Он высоко поднял голову и прислушался, потом удовлетворенно улыбнулся.

– А вот и угощение подоспело. Ребята, заноси харчи!

Из-под раскидистых еловых лап показались три зайца, за ними потянулись лиса и молодой волк, и последним появился совсем маленький, ужасно смешной медвежонок. Они быстро сложили гостинцы и тут же исчезли, а рядом с Камнем выросла внушительная гора из орехов, моркови, капусты, конфет, кусков мясного пирога и кулебяки с капустой. Рядом на большом листе лопуха лежала жареная курица и внушительного вида копченый окорок, а чуть поодаль – бочонок с медом и две банки варенья.

– Ну как? – с гордостью спросил Змей. – Достойно праздник встретим?

– Здорово! – восхитился Камень. – Откуда такое богатство?

– Сам понимаешь, – Змей лукаво потупился. – Кто что умеет, тот то и ворует. Зайцы по огородам шастают, овощи тебе припасли, лиса курицу из сарая у кого-то стащила и сама пожарила, волк к кому-то в дом залез и порылся среди того, что к праздничному столу приготовили. Ну а медведь, сам понимаешь, больше по части сладкого. Ты не думай, малец сам-то не воровал, это его батька расстарался, а мальца в качестве посыльного отрядил.

Камень с ужасом смотрел на товарища, не понимая, как можно вот так спокойно произносить столь чудовищные cлова.

– Ты хочешь сказать, что это все краденое?

– Естественно. А ты чего ожидал? Не краденые здесь только орехи, они сами по себе в лесу растут, их зайчики собрали, а все остальное пришлось у людей позаимствовать.

– Но это ни в какие ворота не лезет! Это противно моему правосознанию! – возмутился Камень. – Как ты мог даже подумать, что я прикоснусь к ворованному?! Не ожидал я от тебя.

– Знаешь, мил-друг, ты мне тут со своей философией мозги не парь, – спокойно ответил Змей. – Природа так устроена от века, что дикие животные отбирают у людей пищу. И никто это воровством не считает, хотя и принято говорить, что, к примеру, лисы и хори воруют кур, но на самом деле они не воруют, а просто добывают себе пропитание. Так природой предусмотрено. Люди сами виноваты, что так получилось, потому что куры изначально были пищей лис и хорей, а люди пришли, одомашнили их, позапирали в сараи и стали разводить для себя. А лисе что, подыхать теперь? Она ж не виновата, что у нее нету рук и ног, только лапы одни, и она не может тоже завести себе ферму и построить сарай. Ее господь другой создал. Что ей делать, если люди пищу отняли? Пойти и забрать. То же самое с зайцами: раньше росла себе дикая капуста повсюду, ешь – не хочу, но пришли люди, все распахали и засеяли, оградой обнесли, огородом назвали и давай с этого огорода себе на стол таскать, а куда бедному зайцу податься? Чем питаться? И медведь испокон веку сам за диким медом лазил, а теперь вот приходится ему, бедолаге, с пасеки воровать. Так что еще большой вопрос, кто у кого украл.

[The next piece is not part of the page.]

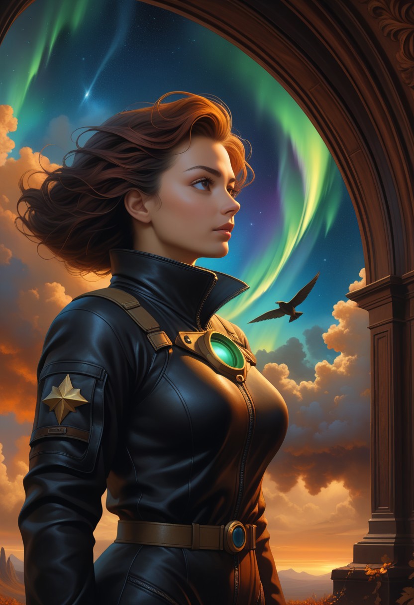 Eerie, creepy atmosphere, warm autumn colors. Tleilaxu-inspired portrait, head and chest in flight suit. Mysterious glowing portal. Cinematic sci-fi scene, aurora, clouds, stars, smoke. Dark tones, unsettling details, earthy and cozy feel. Beksinski, Spitzweg, Caravaggio influences. Baroque elements. Oil on canvas, 8k, dramatic, trending on ArtStation.

– Смутил ты меня, – удрученно пробормотал Камень. – Я такими глазами на этот вопрос не смотрел. Значит, ты считаешь, что нет ничего позорного, если мы с тобой это съедим?

– Ничегошеньки, – авторитетно заверил его Змей. – Ешь на здоровье. А пока ты питаешься, я тебе еще один подарочек преподнесу, опишу одну сценку из жизни Романовых, которая имела место аккурат после возвращения Любы из Нижнего.

* * *

Лифт не работал, и Люба шла наверх пешком, неся тяжелые сумки с продуктами и глядя себе под ноги, чтобы не оступиться на полутемной лестнице – с лампочками во всех подъездах их дома настоящая беда, кто-то с маниакальной настойчивостью выкручивал их буквально через день-два после того, как электрик ставил новые.

Она очень устала, на работе за время ее отсутствия скопилась масса документов, требующих тщательной проработки, а квартира за неделю приобрела, как показалось Любе, вид совершенно непригодный для жилья: на ванне и унитазе образовались желтые потеки, плита на кухне не сверкала, оконные стекла помутнели, посуда не блестела, как обычно, как будто ее не мыли как положено, а только слегка споласкивали под струей воды. Одним словом, дом напоминал Любе разоренное гнездо, и всю минувшую ночь она, вместо того чтобы спать, приводила его в порядок, заодно стирая накопившиеся грязные сорочки и футболки мужа и сына и Лелино белье, несмотря на то что предыдущую ночь она провела в поезде и проплакала до самого утра, не сомкнув глаз, благо ехала в купе одна. После работы она, нагруженная продуктами, купленными во время обеденного перерыва в ближайшем к заводу магазине, еще поехала к Аэлле, чтобы отдать ей деньги, заплаченные подругой медсестре Раисе, – Люба не любила иметь долги. И сейчас, возвращаясь домой и идя пешком вверх по лестнице, она чувствовала, что смертельно устала и буквально валится с ног, а ведь нужно еще готовить еду и всех кормить, а потом снова убирать, мыть и скрести.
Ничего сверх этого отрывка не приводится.